Eike Eplik (1982) is a sculptor and installation artist. She uses nature motifs for constructing narrative, utilises the gallery space from floor to ceiling, works with sculpting techniques from classic plaster casting to paper and wood assemblage and found objects. The processes in her art are partly subconscious and not always fully explainable. When preparing exhibitions Eplik relies on improvisation – to the extent material allows, of course.

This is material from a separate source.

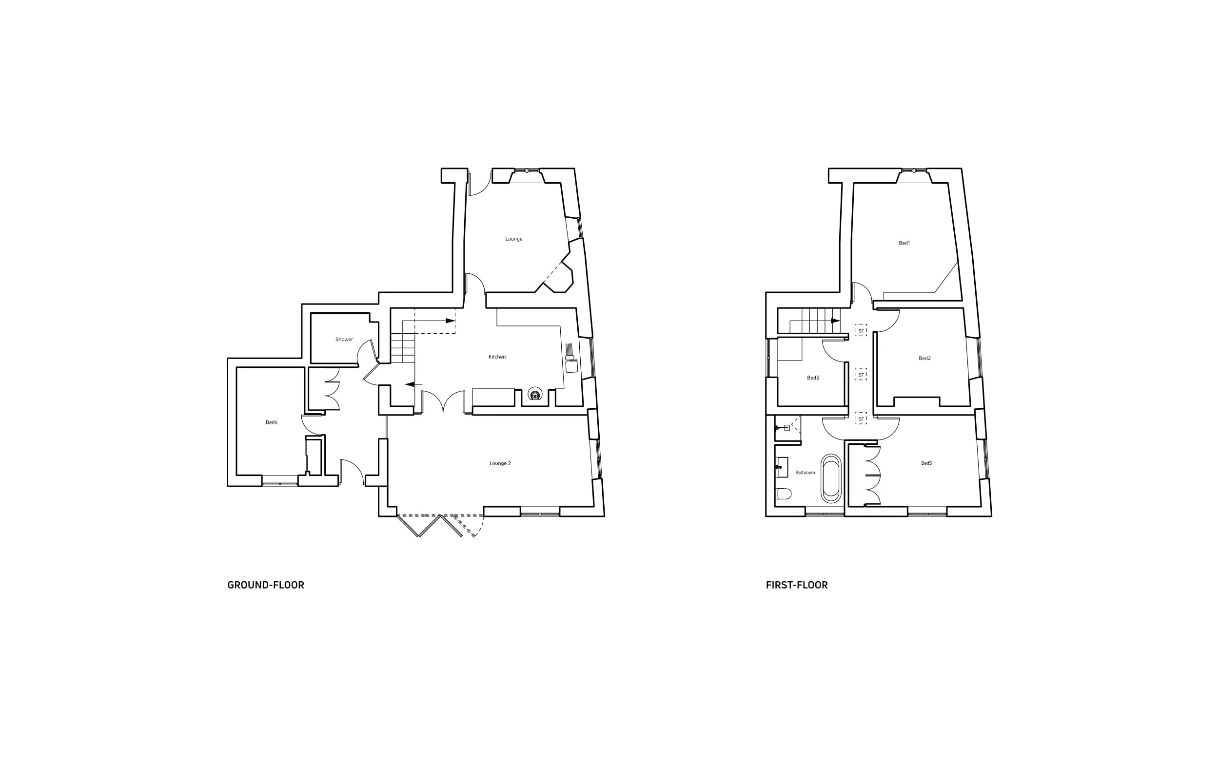 The crowning achievement of this transformation is the spacious two-storey gable end extension that now graces the cottage. At its heart is a generous kitchen-diner that seamlessly flows into the garden, creating a harmonious indoor-outdoor connection. By knocking down the wall that once separated the old kitchen and lounge, the design has yielded a much larger and brighter family living space. This open concept design fosters a sense of togetherness and modern living, making the most of natural light and outdoor views.

One of Eplik’s first exhibitions, “The girl who loved everything” (2012) is inspired by the Hungarian writer Ervin Lázár’s fairytale “The seven-headed fairy”. The animals in the fairytale-like Umwelt created in the exhibition are cartoonish, many of them freaks, chimeras combined of multiple plants and animals, conglomerates frozen into weird compositions.
The exhibition “Some of the birds flew on their backs” (2015) played around with creating compositions of portrait paintings and still lifes, emphasising the perishable and temporal nature of the subject. This existential theme was further developed with the show “Beauty salon” (2017), where the artist explored the construction of beauty and its fleeting and unnatural core. Unlike her previous exhibitions, “Natural” (2018) foregrounded a mechanical-therapeutic way of making art – the artist exhibited installations-sculptures that imitated organic and natural forms in various stages of abstraction.

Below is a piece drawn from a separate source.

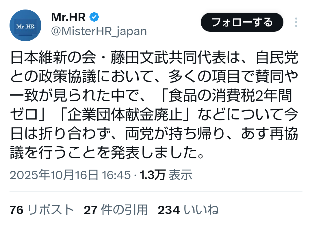… | 761無題Name名無し 25/10/18(土)22:29:26No.753890+結局自分で責任もって政策推進する気は無いのか野党 |

Through biomorphic forms, Eplik has created over the years a specific vocabulary she keeps adding to and repurposing in new contexts: for example, the horse head that has been exhibited as something hybrid and grotesque together with a bust on a carriage at Artishok Biennale (2016) and the same horse head with hands, teeth and lumps sticking out of it at “In the shadow of the twilight” (together with Imat Suumann, 2019). Looking at Eplik’s positioning of objects and trying to grasp at their exchanges, a phantasmagorical narrative without beginning or end comes into being. This is why singular elements in the shows have no titles – everything that’s exhibited must be viewed simultaneously and in relation to one another.

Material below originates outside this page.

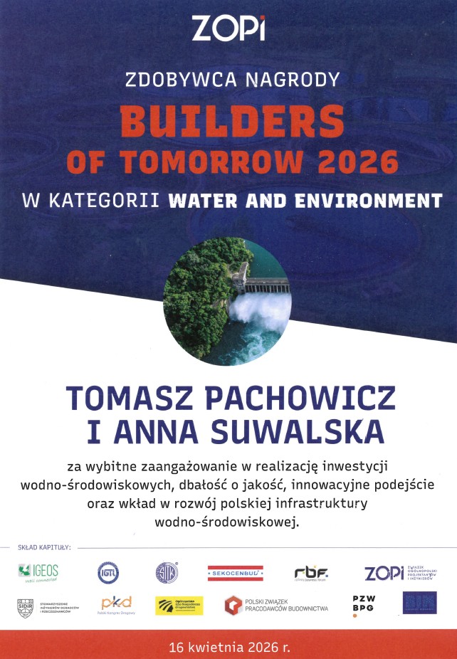 Odznaczenie stanowi wyraz uznania dla zaangażowania w realizację inwestycji wodno-środowiskowych, dbałość o jakość, innowacyjne podejście oraz wkład w rozwój polskiej infrastruktury wodno-środowiskowej.

Eike Eplik graduated from the Sculpture Department of Tartu Art College (BA, 2007). During her studies she took on internships with artists in Germany, Sweden and Finland. She continued her studies at the Sculpture department in the Estonian Academy of Arts (MA, 2010). Eplik works as a teacher in Tartu Children’s Art School and also Tartu Art College. In 2006 she was awarded the Eduard Wiiralt Stipend and in 2012 the young artist production stipend KUKU NUNNU of the contemporary art festival ART IST KUKU NU UT. In 2015 she was nominated for the Sadolin Art Prize and in 2018 Eplik was awarded the Addo Vabbe Stipend. She is one of the recipients of the artist salary 2021–2023.